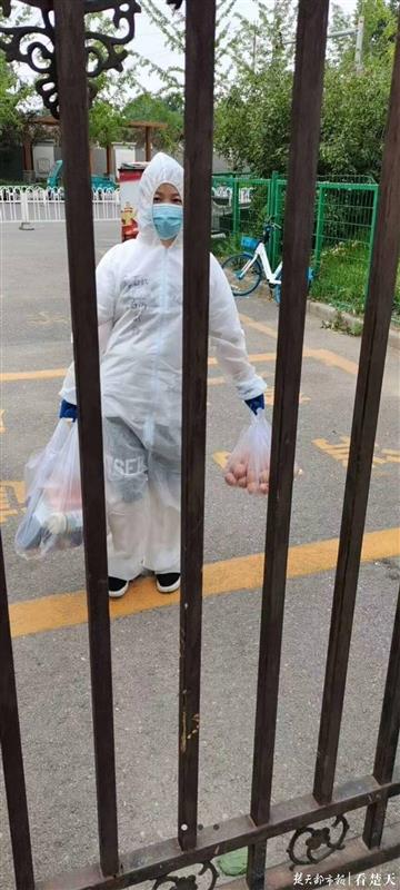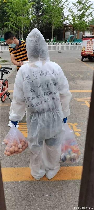 在网上流传的照片中,一位女士身穿戴帽子的白色防护服。在防护服的后面,用黑颜色笔写着:“我是湖北人,我为北京加油,感恩湖北疫情中全国人民。今天,该是我们报恩的时刻了!”在衣服的前面,则写着“砥砺前行”四个字。图片中,这名女子双手还拎着鸡蛋、蔬菜等物品。
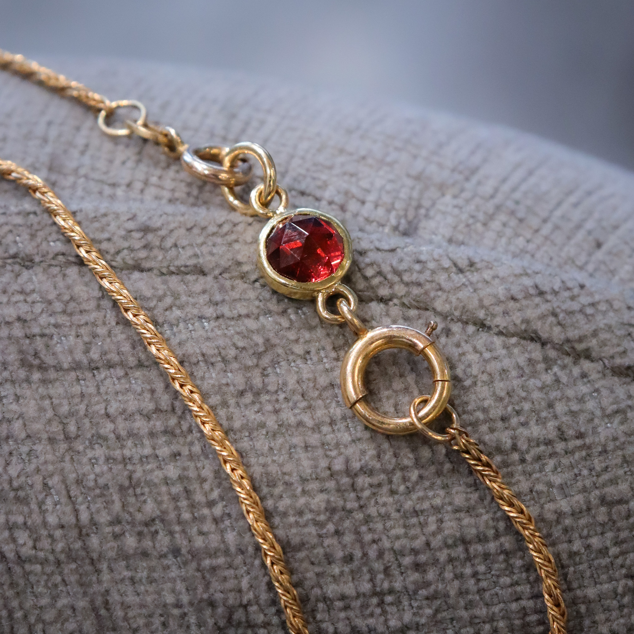 This warm rose-cut garnet sits in a buttery 18k yellow gold setting and is extended by a large 14k yellow gold antique spring ring. A versatile addition to your collection; this can be used as a chain extender, pendant, bag charm - get creative with it!
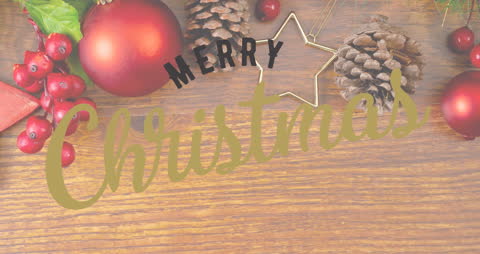 Festive Pine Cones And Gold Ribbon On Wood With Snowflake Overlay Videos
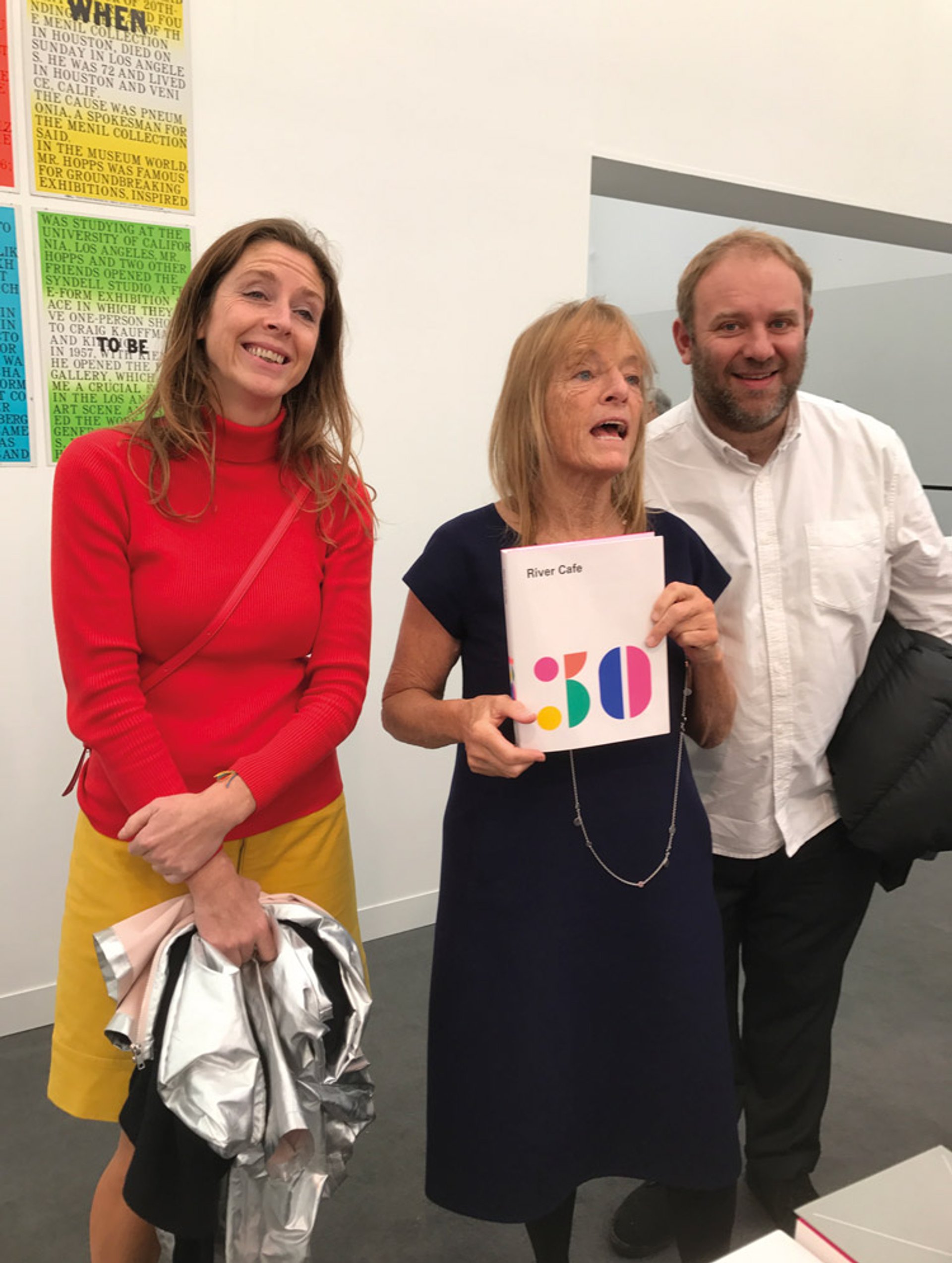 The co-founder of the Michelin-starred River Café, Ruth Rogers, popped into Frieze London yesterday to promote a lavish new book of recipes, River Café 30. Rogers paid tribute to the top-notch artists who have customised menus at the Hammersmith-based Italian restaurant over three decades. Ellsworth Kelly drew a still-life on the back of one in 1991 and a self-portrait on another. Cy Twombly wrote “I love lunch with Ruthie” on a menu after a Sunday lunch in 2004. Ed Ruscha added “YUM” in tall red letters, while Michael Craig-Martin sketched a pristine teacup. And Damien Hirst, YBA and creator of the Pharmacy restaurants? He held off the pills and adorned his menu with spots and a spin painting.
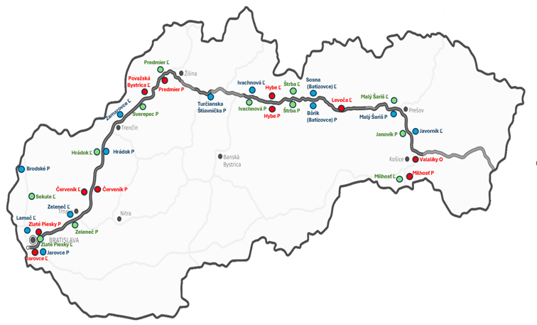 Porad.č. | Názov | Ťah | Smer | Strana | Koridor | Maximálna rezervovaná kapacita (MW) | Minimálny počet 300kW nabíjacích bodov pre osobné vozidlá | Minimálny počet 400kW nabíjacích bodov pre nákladné vozidlá | Lokalita |
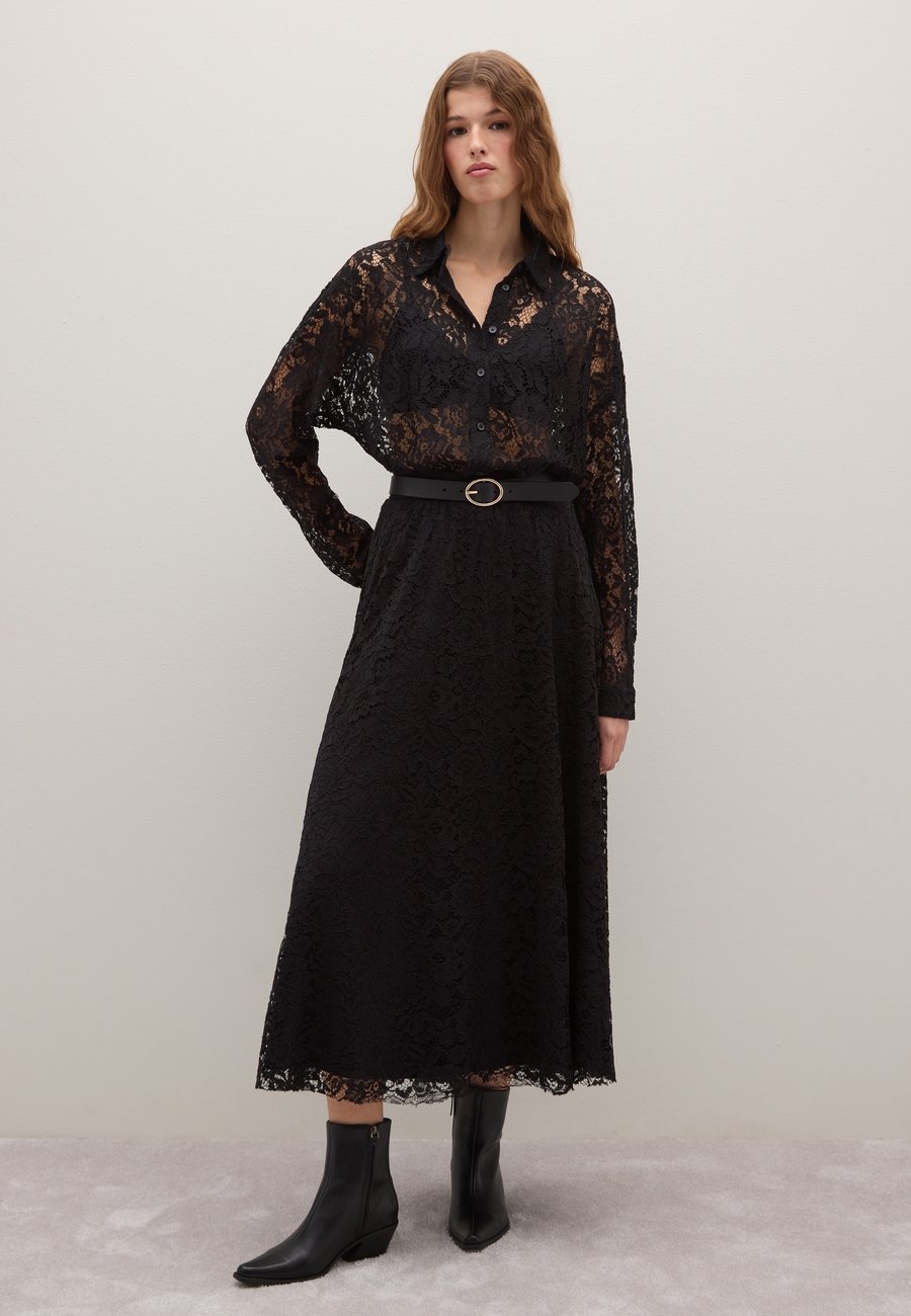 Черная прозрачная кружевная рубашка из линии PIOMBO станет уникальным дополнением к вашему осенне-зимнему гардеробу. Она имеет стандартный крой и длинные рукава для максимального комфорта. Прозрачность кружева добавляет изысканности и стиля, делая ее идеальной для особых вечеров и важных событий. Идеально сочетается с элегантными брюками или юбками для создания изысканного образа. Вырез горловины: ХенлиМатериал и уход

• • • • •

### WORK REQUIRED:
Write out, word for word, only the lines from the one containing "The co-founder of" to the end of the data above; the pictures stay out.

### ANSWER TO THE PROBLEM:
 The co-founder of the Michelin-starred River Café, Ruth Rogers, popped into Frieze London yesterday to promote a lavish new book of recipes, River Café 30. Rogers paid tribute to the top-notch artists who have customised menus at the Hammersmith-based Italian restaurant over three decades. Ellsworth Kelly drew a still-life on the back of one in 1991 and a self-portrait on another. Cy Twombly wrote “I love lunch with Ruthie” on a menu after a Sunday lunch in 2004. Ed Ruscha added “YUM” in tall red letters, while Michael Craig-Martin sketched a pristine teacup. And Damien Hirst, YBA and creator of the Pharmacy restaurants? He held off the pills and adorned his menu with spots and a spin painting.
 Porad.č. | Názov | Ťah | Smer | Strana | Koridor | Maximálna rezervovaná kapacita (MW) | Minimálny počet 300kW nabíjacích bodov pre osobné vozidlá | Minimálny počet 400kW nabíjacích bodov pre nákladné vozidlá | Lokalita |
 Черная прозрачная кружевная рубашка из линии PIOMBO станет уникальным дополнением к вашему осенне-зимнему гардеробу. Она имеет стандартный крой и длинные рукава для максимального комфорта. Прозрачность кружева добавляет изысканности и стиля, делая ее идеальной для особых вечеров и важных событий. Идеально сочетается с элегантными брюками или юбками для создания изысканного образа. Вырез горловины: ХенлиМатериал и уход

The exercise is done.